__GIVEN RECORDS__

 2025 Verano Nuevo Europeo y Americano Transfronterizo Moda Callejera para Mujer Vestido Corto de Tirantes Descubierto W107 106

==

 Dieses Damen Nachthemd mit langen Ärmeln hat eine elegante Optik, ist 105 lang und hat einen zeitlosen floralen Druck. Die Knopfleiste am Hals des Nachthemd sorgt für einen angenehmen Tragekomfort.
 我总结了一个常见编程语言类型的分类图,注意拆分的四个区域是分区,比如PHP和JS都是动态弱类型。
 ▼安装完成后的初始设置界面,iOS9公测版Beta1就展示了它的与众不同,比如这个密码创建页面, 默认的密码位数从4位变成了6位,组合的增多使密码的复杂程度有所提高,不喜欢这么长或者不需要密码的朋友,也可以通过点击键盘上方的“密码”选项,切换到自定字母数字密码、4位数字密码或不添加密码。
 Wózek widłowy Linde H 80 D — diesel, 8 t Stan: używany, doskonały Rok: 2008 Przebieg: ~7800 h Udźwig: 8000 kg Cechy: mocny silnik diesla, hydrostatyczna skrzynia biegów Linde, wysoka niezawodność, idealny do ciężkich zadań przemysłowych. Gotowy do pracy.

__ASSIGNED TASK__
Take exactly the lines from the one containing "Dieses Damen Nachthemd" through the one containing "Wózek widłowy Linde" in the data above, and output them with nothing added.

__EXERCISE ANSWER__
 Dieses Damen Nachthemd mit langen Ärmeln hat eine elegante Optik, ist 105 lang und hat einen zeitlosen floralen Druck. Die Knopfleiste am Hals des Nachthemd sorgt für einen angenehmen Tragekomfort.
 我总结了一个常见编程语言类型的分类图,注意拆分的四个区域是分区,比如PHP和JS都是动态弱类型。
 ▼安装完成后的初始设置界面,iOS9公测版Beta1就展示了它的与众不同,比如这个密码创建页面, 默认的密码位数从4位变成了6位,组合的增多使密码的复杂程度有所提高,不喜欢这么长或者不需要密码的朋友,也可以通过点击键盘上方的“密码”选项,切换到自定字母数字密码、4位数字密码或不添加密码。
 Wózek widłowy Linde H 80 D — diesel, 8 t Stan: używany, doskonały Rok: 2008 Przebieg: ~7800 h Udźwig: 8000 kg Cechy: mocny silnik diesla, hydrostatyczna skrzynia biegów Linde, wysoka niezawodność, idealny do ciężkich zadań przemysłowych. Gotowy do pracy.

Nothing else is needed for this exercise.